# 13 year old Wing Tsun kid - Any thoughts ? Hope you like :)



## Markman (Jun 28, 2015)




----------



## Danny T (Jun 28, 2015)

Good demo showing speedy strikes vs a fight type stimulus. Problem is the attacker doesn't continue the attack or do any countering. Is a video of some counter attacking drills vs a push, a person stepping into your personnel space or a single controlled attack. How would he fair and look vs someone really attempting to attack and countered the barrage of chain punches?


----------



## Buka (Jun 28, 2015)

Welcome to MT, Markman.


----------



## KPM (Jun 28, 2015)

He looks good!  Hope he sticks with it and doesn't get too distracted with girls and football!  ;-)


----------



## geezer (Jun 28, 2015)

KPM said:


> He looks good!  Hope he sticks with it and doesn't get too distracted with girls and football!  ;-)



Yeah, too much football can keep you away from the kwoon. As for girls ...there ain't no stoppin' that.


----------



## drop bear (Jun 28, 2015)

Looks good.


----------



## Markman (Jun 29, 2015)

Danny T said:


> Good demo showing speedy strikes vs a fight type stimulus. Problem is the attacker doesn't continue the attack or do any countering. Is a video of some counter attacking drills vs a push, a person stepping into your personnel space or a single controlled attack. How would he fair and look vs someone really attempting to attack and countered the barrage of chain punches?
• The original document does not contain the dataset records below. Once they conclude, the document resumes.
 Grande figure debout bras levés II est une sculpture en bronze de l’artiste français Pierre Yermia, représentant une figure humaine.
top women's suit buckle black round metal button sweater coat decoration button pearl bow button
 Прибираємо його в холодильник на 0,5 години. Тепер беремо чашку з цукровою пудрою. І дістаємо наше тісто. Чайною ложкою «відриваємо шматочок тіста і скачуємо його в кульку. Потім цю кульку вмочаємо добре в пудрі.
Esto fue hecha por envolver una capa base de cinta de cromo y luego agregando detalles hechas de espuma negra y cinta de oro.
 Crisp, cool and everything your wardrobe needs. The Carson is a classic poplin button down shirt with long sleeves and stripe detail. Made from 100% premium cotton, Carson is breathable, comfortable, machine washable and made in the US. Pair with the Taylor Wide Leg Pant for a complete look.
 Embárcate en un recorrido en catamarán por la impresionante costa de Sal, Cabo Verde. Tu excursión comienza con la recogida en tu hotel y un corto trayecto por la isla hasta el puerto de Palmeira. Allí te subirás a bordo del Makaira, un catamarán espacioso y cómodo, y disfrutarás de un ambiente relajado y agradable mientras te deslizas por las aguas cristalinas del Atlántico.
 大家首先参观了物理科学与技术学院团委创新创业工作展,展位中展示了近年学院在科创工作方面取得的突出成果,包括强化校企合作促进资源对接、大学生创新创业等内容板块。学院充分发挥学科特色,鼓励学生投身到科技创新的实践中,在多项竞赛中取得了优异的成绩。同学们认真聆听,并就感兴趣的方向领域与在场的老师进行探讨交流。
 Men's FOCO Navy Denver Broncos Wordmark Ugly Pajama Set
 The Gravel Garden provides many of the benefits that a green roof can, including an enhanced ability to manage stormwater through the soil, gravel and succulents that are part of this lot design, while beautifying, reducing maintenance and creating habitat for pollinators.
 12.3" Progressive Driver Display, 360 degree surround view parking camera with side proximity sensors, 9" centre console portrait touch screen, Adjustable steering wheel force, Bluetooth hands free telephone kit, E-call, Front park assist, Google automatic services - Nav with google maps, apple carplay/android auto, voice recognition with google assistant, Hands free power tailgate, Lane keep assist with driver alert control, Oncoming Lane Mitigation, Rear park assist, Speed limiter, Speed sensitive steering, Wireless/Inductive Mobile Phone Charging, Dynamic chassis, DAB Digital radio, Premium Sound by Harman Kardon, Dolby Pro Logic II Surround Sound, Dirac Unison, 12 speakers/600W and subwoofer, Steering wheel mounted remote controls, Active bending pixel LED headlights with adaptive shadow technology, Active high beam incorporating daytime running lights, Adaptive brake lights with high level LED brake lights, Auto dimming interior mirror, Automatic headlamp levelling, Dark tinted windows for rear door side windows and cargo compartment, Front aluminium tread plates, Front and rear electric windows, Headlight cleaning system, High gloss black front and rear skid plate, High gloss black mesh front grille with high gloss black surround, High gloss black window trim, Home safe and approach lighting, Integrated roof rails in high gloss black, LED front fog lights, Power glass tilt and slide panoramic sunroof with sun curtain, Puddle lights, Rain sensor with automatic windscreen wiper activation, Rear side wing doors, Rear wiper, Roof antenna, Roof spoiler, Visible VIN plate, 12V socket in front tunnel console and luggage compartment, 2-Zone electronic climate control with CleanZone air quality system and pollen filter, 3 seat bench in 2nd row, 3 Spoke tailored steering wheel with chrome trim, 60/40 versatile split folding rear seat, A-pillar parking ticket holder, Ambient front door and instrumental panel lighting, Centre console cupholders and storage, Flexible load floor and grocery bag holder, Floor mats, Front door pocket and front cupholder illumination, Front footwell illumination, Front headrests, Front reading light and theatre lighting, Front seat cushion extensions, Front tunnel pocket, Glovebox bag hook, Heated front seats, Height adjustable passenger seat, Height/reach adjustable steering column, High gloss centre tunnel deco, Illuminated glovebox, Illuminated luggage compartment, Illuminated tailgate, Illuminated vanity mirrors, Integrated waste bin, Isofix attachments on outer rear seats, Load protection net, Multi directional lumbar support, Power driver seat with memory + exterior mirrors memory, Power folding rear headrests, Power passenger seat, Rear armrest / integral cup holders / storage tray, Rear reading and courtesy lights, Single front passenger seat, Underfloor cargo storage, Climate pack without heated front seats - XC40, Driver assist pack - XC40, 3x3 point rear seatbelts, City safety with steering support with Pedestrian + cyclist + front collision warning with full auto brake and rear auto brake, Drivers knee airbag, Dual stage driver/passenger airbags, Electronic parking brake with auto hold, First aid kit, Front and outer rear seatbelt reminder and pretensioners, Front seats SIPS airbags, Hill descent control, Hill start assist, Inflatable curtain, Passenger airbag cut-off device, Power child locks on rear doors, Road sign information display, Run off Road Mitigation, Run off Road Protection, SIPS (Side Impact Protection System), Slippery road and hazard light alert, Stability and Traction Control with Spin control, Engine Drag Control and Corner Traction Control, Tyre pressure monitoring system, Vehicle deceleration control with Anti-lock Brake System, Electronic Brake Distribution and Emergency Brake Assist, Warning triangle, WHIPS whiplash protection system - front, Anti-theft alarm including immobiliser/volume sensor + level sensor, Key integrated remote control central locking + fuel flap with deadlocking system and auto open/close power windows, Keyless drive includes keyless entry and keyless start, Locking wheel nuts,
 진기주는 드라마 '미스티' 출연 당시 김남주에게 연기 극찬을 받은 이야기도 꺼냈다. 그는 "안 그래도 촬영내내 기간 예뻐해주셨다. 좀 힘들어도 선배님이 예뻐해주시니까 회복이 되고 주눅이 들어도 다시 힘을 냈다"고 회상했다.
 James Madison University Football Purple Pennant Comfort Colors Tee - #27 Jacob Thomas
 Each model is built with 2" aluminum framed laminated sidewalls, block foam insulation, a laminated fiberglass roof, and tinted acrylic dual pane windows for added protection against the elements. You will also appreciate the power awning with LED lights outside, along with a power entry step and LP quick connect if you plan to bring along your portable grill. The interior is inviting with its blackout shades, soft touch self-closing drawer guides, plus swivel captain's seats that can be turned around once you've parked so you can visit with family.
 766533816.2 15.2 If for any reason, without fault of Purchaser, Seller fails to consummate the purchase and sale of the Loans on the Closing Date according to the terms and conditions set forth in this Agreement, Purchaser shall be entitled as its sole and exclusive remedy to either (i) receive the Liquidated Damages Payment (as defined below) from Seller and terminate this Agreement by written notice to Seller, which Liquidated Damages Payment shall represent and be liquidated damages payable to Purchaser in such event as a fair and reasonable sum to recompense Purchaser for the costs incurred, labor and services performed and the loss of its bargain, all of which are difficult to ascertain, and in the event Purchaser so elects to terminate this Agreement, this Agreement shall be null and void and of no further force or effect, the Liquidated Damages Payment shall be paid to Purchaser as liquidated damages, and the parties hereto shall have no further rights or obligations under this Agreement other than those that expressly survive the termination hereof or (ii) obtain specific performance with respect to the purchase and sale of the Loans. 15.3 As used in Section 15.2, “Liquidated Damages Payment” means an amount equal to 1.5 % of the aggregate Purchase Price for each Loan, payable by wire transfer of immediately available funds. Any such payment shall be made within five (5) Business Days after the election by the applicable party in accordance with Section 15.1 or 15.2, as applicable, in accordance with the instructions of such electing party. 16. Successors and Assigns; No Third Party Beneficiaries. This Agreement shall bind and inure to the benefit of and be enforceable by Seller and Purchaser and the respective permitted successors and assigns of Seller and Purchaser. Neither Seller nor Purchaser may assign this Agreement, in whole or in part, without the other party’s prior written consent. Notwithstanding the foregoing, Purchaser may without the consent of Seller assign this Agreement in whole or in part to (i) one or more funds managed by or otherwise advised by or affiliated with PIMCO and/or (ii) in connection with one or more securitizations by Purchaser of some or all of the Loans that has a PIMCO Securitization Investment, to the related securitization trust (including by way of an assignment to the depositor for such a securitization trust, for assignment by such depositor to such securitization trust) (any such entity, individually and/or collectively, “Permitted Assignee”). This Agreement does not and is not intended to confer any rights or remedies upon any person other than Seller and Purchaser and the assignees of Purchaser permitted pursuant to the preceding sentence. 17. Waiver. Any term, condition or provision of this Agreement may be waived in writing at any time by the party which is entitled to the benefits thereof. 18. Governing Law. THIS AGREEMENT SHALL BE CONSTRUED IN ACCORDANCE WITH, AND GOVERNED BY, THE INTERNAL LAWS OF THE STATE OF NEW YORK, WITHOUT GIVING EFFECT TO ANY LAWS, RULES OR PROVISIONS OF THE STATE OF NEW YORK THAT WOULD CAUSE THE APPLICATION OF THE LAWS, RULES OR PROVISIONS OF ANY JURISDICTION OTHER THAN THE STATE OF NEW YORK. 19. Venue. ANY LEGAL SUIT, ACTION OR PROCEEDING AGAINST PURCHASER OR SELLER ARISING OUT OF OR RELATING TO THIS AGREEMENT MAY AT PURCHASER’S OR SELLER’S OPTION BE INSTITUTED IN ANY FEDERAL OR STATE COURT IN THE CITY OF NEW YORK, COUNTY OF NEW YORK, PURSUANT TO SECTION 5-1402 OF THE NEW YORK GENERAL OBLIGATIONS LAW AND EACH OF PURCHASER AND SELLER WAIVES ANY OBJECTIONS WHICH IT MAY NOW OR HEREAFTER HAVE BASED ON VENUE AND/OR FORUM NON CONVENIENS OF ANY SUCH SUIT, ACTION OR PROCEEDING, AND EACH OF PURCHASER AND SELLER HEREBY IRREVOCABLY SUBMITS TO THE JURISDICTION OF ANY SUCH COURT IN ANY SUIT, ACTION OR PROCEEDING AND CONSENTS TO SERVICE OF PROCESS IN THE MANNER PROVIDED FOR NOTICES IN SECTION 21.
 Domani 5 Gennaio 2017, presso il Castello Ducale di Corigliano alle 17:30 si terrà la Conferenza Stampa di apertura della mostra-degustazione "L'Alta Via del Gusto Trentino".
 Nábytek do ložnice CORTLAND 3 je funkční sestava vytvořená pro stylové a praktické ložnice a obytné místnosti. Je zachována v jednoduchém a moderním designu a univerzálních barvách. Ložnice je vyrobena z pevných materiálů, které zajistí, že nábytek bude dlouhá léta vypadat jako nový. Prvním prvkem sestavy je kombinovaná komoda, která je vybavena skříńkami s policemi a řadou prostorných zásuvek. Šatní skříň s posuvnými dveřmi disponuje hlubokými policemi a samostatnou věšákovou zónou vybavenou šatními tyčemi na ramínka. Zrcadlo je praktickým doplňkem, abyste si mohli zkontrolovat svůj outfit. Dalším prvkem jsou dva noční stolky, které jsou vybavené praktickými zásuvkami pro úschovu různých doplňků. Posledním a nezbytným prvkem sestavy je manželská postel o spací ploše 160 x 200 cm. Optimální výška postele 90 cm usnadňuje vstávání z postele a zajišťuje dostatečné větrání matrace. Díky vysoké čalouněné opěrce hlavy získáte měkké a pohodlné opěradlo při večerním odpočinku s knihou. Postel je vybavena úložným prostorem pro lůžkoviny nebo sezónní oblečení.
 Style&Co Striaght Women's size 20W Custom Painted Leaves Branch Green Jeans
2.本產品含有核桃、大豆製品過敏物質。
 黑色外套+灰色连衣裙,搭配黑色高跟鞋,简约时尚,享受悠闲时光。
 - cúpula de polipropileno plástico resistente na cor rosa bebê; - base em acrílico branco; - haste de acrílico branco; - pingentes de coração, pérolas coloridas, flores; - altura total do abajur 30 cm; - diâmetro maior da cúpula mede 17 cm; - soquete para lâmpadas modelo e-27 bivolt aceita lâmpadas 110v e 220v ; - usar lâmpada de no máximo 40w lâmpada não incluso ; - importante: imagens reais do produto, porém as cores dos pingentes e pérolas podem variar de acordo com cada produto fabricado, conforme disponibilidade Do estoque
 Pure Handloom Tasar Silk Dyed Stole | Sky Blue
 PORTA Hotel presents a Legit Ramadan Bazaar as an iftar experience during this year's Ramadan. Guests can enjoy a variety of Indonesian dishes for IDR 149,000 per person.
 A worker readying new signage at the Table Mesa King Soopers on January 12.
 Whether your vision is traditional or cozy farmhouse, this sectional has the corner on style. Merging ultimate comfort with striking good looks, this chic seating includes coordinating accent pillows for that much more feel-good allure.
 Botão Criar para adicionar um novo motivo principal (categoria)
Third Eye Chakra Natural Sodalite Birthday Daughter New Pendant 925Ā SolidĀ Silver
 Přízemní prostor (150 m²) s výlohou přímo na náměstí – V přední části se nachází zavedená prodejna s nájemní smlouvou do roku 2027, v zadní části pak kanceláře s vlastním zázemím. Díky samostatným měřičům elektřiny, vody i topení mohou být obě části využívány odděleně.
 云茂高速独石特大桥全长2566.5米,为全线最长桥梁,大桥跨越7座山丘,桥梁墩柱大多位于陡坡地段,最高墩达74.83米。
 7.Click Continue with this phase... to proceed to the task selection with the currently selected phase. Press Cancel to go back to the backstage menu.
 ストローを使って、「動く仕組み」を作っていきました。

Thank you, i agree, its a different story when push comes to shove, and it's a real fight. But we do these types of drills with the kids as reaction drills. They start off with their eyes shut, allowed only to open them upon contact. In this case we limited him, no elbows, knees, takedowns etc. and as you pointed out, limited attacks from the aggressor, so why not just keep punching

 This kid started off shy and stuttering, and now as you see, has the courage not only to move in and punch, but to do so with speed, power and precision, in front of parents, his instructors and their sifus. 
I believe that this courage, and simple mindset will help him in most fights he would encounter, especially against most other kids his age.


----------



## Markman (Jun 29, 2015)

geezer said:


> Yeah, too much football can keep you away from the kwoon. As for girls ...there ain't no stoppin' that.



Hahaha it's a real fear of mine ! They have crafty ways them women !


----------



## Tez3 (Jun 29, 2015)

Markman said:


> They have crafty ways them women !



Among 'them women' are plenty of good martial artists !


----------



## Markman (Jun 30, 2015)

Tez3 said:


> Among 'them women' are plenty of good martial artists !



No doubt, but a a rare breed, luck is required to encounter one amongst the lip gloss mayhem


----------



## Tez3 (Jun 30, 2015)

Markman said:


> No doubt, but a a rare breed, luck is required to encounter one amongst the lip gloss mayhem



Really? I hate to tell you we are not a rare breed at all. And the lip gloss comment? Do I need to tell you that is dismissive?
here's some American figures. Note that 25% of teenage boys and 22% of teenage girls have participated in martial arts. United States Martial Arts Demographics


----------



## Danny T (Jun 30, 2015)

Tez3 said:


> Really? I hate to tell you we are not a rare breed at all. And the lip gloss comment? Do I need to tell you that is dismissive?
> here's some American figures. Note that 25% of teenage boys and 22% of teenage girls have participated in martial arts. United States Martial Arts Demographics


In our youth and teen programs we average close to 70/30 percent males to females but with a higher renewal rate for the females. In our adult programs males out number the females 80/20 but again the renewal rate for females is greater.


----------



## Vajramusti (Jun 30, 2015)

Tez3 said:


> Among 'them women' are plenty of good martial artists !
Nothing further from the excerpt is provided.